WHAT YOU WILL DO: Leave the pictures out and restate every line below exactly.

DATA:

########

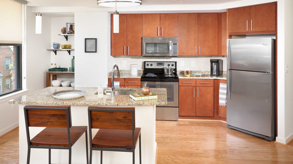 July 24, 2015It looked all fancy and nice when we moved in. Doors knock in to each other. Pocket doors would have been great. Floors are beginning to separate.Fire alarm goes off once a week. 3 banquet grills is not enough for the amount of people who live here. Being close to the Metro and restaurants and shopping is the main reason for living where we do. Seems like they could have done more for the amount of rent we pay.Review from Apartments.com
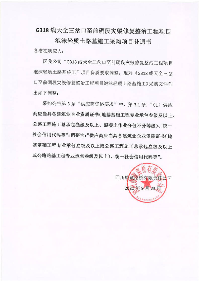 四川康藏路橋有限責(zé)任公司G318線天全三岔口至前碉段災(zāi)毀修復(fù)整治工程項(xiàng)目泡沫輕質(zhì)土路基施工采購(gòu)項(xiàng)目補(bǔ)遺書(shū)
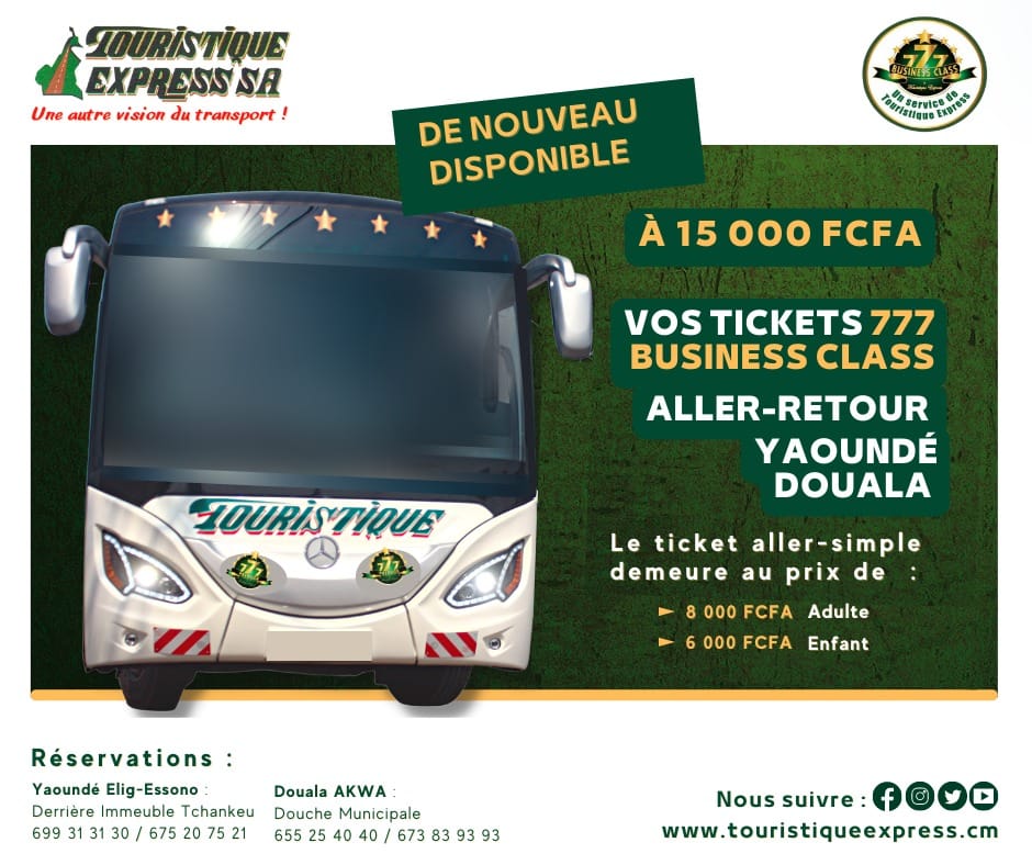 Touristique Express SA est une entreprise de transport inter urbain de personnes et biens. Elle s'est imposée jusqu'à nos jours, et ce, depuis 1999, date de sa création par Monsieur Yaouba Bello, comme un pilier dans le secteur du transport interurbain. Depuis lors, Touristique Express propose trois services essentiels à la clientèle : le 111 classique, le 444 confort et enfin le 777 Business Class qui est le service VIP. A nos jours, Touristique Express SA marque sa présence dans 7 régions du Cameroun à savoir le Littoral, le Centre, l'Est, l'Adamaoua, le Nord, l'Extrême nord, et bientôt le Sud).Dans sa quête incessante de croissance, Touristique Express SA entend dans un horizon à moyen terme, couvrir l'étendue du territoire Camerounais en matière de régions.

########

TASK RESPONSE:
 July 24, 2015It looked all fancy and nice when we moved in. Doors knock in to each other. Pocket doors would have been great. Floors are beginning to separate.Fire alarm goes off once a week. 3 banquet grills is not enough for the amount of people who live here. Being close to the Metro and restaurants and shopping is the main reason for living where we do. Seems like they could have done more for the amount of rent we pay.Review from Apartments.com
 四川康藏路橋有限責(zé)任公司G318線天全三岔口至前碉段災(zāi)毀修復(fù)整治工程項(xiàng)目泡沫輕質(zhì)土路基施工采購(gòu)項(xiàng)目補(bǔ)遺書(shū)
 Touristique Express SA est une entreprise de transport inter urbain de personnes et biens. Elle s'est imposée jusqu'à nos jours, et ce, depuis 1999, date de sa création par Monsieur Yaouba Bello, comme un pilier dans le secteur du transport interurbain. Depuis lors, Touristique Express propose trois services essentiels à la clientèle : le 111 classique, le 444 confort et enfin le 777 Business Class qui est le service VIP. A nos jours, Touristique Express SA marque sa présence dans 7 régions du Cameroun à savoir le Littoral, le Centre, l'Est, l'Adamaoua, le Nord, l'Extrême nord, et bientôt le Sud).Dans sa quête incessante de croissance, Touristique Express SA entend dans un horizon à moyen terme, couvrir l'étendue du territoire Camerounais en matière de régions.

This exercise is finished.